Nuovo treno Circumvesuviana in servizio, un primo passo dopo anni di attesa
Nuovo treno Circumvesuviana in servizio, un primo passo dopo anni di attesa

La Circumvesuviana di Napoli ha visto finalmente il suo primo treno nuovo in servizio, dopo anni di attesa e interruzioni. Il convoglio, realizzato da Stadler, è entrato in funzione sulla tratta Volla-Baiano, segnando l’inizio di una fase di messa in servizio vera e propria. I pendolari, spesso costretti a usare mezzi alternativi come auto o autobus, hanno potuto finalmente salire su un treno moderno, seppur per un periodo limitato. L’evento segna un passo avanti per un sistema ferroviario che da anni soffre di blackout, mancanza di mezzi e frequenti interruzioni.
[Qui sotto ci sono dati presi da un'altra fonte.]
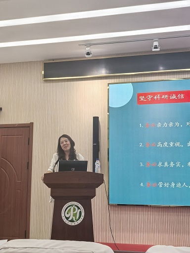 邵琳老师从科研诚信的重要性、科研诚信面临的严峻挑战、科研诚信政策导向、学术不端典型案例、科研诚信管理的思考与建议等5个方面,阐述了项目申报和论文发表过程中应注意的学风问题,讲解了科研工作中有关科研诚信的重要提醒,并向与会人员介绍了近期及今后学校科研诚信建设的相关工作。最后,邵琳老师和与会师生就“人工智能与AI的合理使用”等问题进行了讨论交流。

Un primo treno, un lungo percorso
Il primo treno, identificato con la matricola Etr301, è stato consegnato dopo un iter lungo e complesso, interrotto da diversi fattori esterni. Il progetto, iniziato nel 2021 con un accordo tra l’Eav e Stadler, ha subito contrattempi legati al Covid, alla guerra in Ucraina e a problemi burocratici. Il treno, però, è ora sui binari e inizia a operare su una tratta meno affollata, permettendo di testare le sue caratteristiche in un contesto meno critico.
Il primo passo verso un rinnovamento
La messa in servizio del treno rappresenta un primo passo verso il completamento della flotta di 56 convogli nuovi, prevista per fine 2027. Per ora, però, il parco rotabile non è ancora completamente rinnovato, e la mancanza di mezzi resta un problema. Il nuovo treno, pur se moderno, non risolve tutti i problemi, ma apre la strada a un miglioramento progressivo del servizio.
Due dubbi per i sindacati
Nonostante l’arrivo del treno, alcuni sindacati e lavoratori hanno sollevato due dubbi. Il primo riguarda la sagoma del convoglio, che misura 40 metri e 88 centimetri in più rispetto ai treni esistenti. Questo potrebbe causare problemi alle banchine di alcune stazioni, rendendole insufficienti. Il secondo dubbio è legato al personale: al momento, solo tre o quattro macchinisti sono abilitati a guidarlo, e dovranno addestrare altri colleghi, un processo che richiede tempo e specificità.
Un’apertura al dialogo per il futuro
La gestione dell’Eav ha mostrato una netta apertura al dialogo, riconoscendo la complessità della situazione. I sindacati, tra cui l’Orsa, hanno espresso apprezzamento per la concretezza e la prudenza nell’affrontare il tema. Tuttavia, la sfida resta grande: garantire puntualità, frequenza e sicurezza al più presto, mentre si attende il completamento del piano industriale.
Un’esperienza in sordina
L’esordio del treno è stato fatto in modo discreto, senza annunci ufficiali o dichiarazioni di rilievo. Solo un ordine di servizio ha stabilito le condizioni di utilizzo, con un’indicazione chiara: in caso di guasto, il soccorso potrà essere effettuato solo da un MetroStar, non dai convogli vecchi. Questo approccio, però, è stato apprezzato dai comitati dei pendolari, che hanno sottolineato l’importanza di un’azione concreta e senza eccessive promesse. La Circumvesuviana, pur con i suoi problemi, ha visto un primo passo verso un rinnovamento. Il nuovo treno, sebbene non risolva tutti i problemi, rappresenta un segnale di speranza per i pendolari, che attendono da anni un miglioramento del servizio. Il lavoro continua, ma il futuro sembra essere più vicino.